Market Overview

The prediction market on potential US military entry into Iran shows overwhelming confidence in the status quo, with traders pricing the probability of active US military personnel physically entering Iranian territory by year-end at just 0.7%. The market has maintained this probability consistently over the past 24 hours, with substantial liquidity at $17.9 million in volume, suggesting broad agreement among participants that a direct ground invasion is not a realistic near-term scenario.

Why It Matters

The question specifically targets a high threshold of military action—actual physical presence of active-duty US forces on Iranian soil—while excluding diplomatic missions, special operations intelligence work, and military contractors.
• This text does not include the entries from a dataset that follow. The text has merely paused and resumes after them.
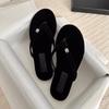 Sheepskin small fragrant wind velvet rhinestone pearl flip-flops women's flat bottom toe beach summer wear sexy sandals
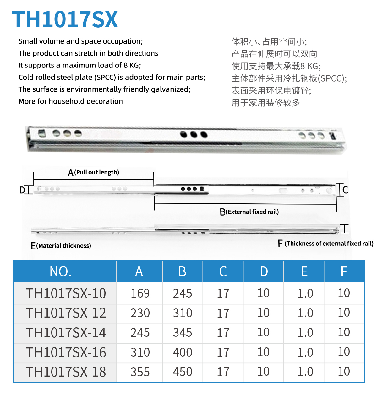 Cold   rolled steel material 9.6mm thick 17mm wide bidirectional light load slide   rail Maximum load 15KG Used in office equipment, industrial electronic   equipment, medical equipment and automotive parts
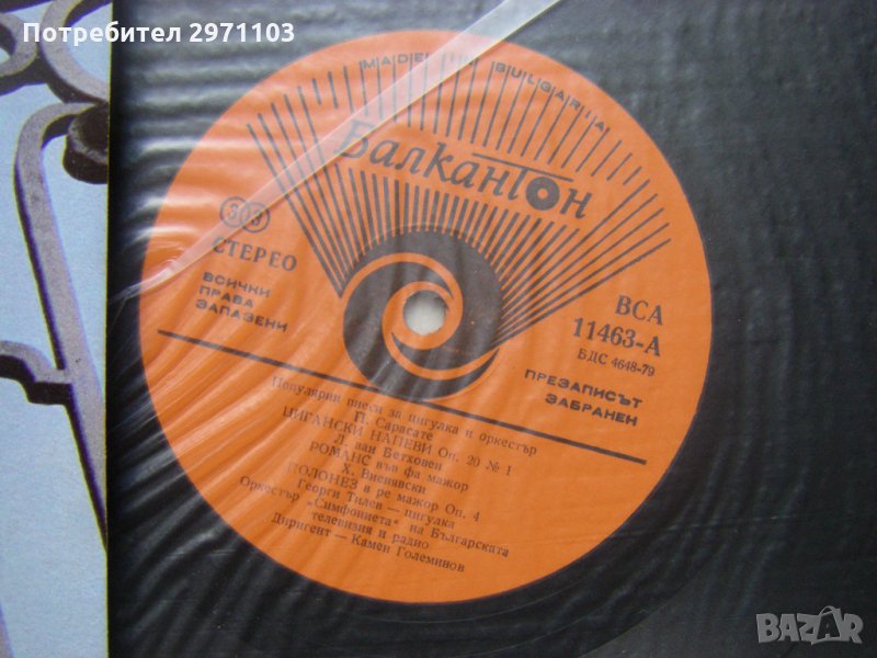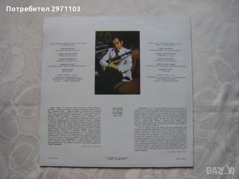 Грамофонна плоча - ВСА 11463 - Популярни пиеси за цигулка и оркестър изпълнява Георги Тилев - цигулка, с оркестър "Симфониета" на Българската телевизия и радио, диригент Камен Големинов
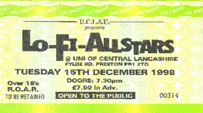 PDF (Ticket for a performance by Lo-Fi Allstars at UCLan, 1998)
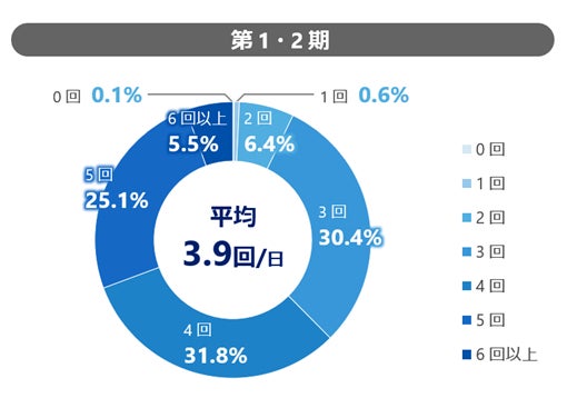 第一期、第二期全体での1日当たりの媒体への接触頻度は平均しておよそ3.9回/日でした。
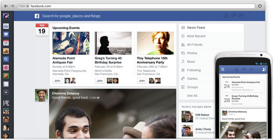Facebook News Feedเมื่อวันที่ 7 มีนาคมที่ผ่านมา เฟซบุ๊ก (Facebook) ได้จัดงานอีเว้นท์พร้อมกับเชิญสื่อต่าง ๆ มาร่วมงาน โดยไฮไลท์สำคัญของงานนี้ก็คือการเปิดตัวหน้า News Feed (รวมข่าว) ที่มาพร้อมดีไซน์แบบใหม่ เน้นอวดรูปภาพและแสดงเนื้อหาที่โดดเด่นมากกว่าเดิม ซึ่งรูปแบบหน้า News Feed แบบใหม่จะสอดคล้องกับหน้าเว็บในเวอร์ชั่นมือถือมากขึ้น
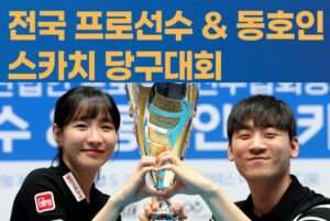 [대회 현장에서] 안동시장배 3쿠션 복식전으로 스타트! ‘찰떡 호흡’ 김행직-최호타(전남), 64강전서 Avg 2.273 기록하며 우승 정조준! 2026/ 04/ 15 댓글 없음 Read More »

This distinction matters because it essentially asks whether the US would undertake a major conventional military invasion, a fundamentally different scenario from airstrikes, cyber operations, covert activities, or diplomatic engagement. The market's confidence reflects the substantial barriers to such action, including potential regional instability, international diplomatic fallout, and the operational complexity of a ground campaign against a nation of 90 million people.

Key Factors

Several factors support the market's assessment. The US currently maintains significant military presence throughout the Middle East via bases in Iraq, the UAE, and the Gulf, but has not formally mobilized for an Iran invasion despite decades of bilateral tensions. Recent administrations have pursued alternative strategies—from the 2015 nuclear agreement to maximum pressure sanctions campaigns and targeted strikes. The high political and military cost of an invasion, combined with the availability of other coercive tools, has consistently made ground operations unattractive to US policymakers. Additionally, the timeframe is limited to roughly one month from present, leaving minimal window for the massive military mobilization such an operation would require.

Outlook

For the market to shift materially from its current pricing, a dramatic escalation would be necessary—such as a major terrorist attack definitively attributed to Iran, a direct Iranian military strike on US interests, or a significant shift in US political leadership accompanied by immediate military action. Short of such a shock, the market's near-certainty of no ground invasion appears well-calibrated to the current geopolitical reality. Traders should monitor regional incidents closely, but absent extraordinary developments, the 99.3% probability likely reflects a stable equilibrium through year-end.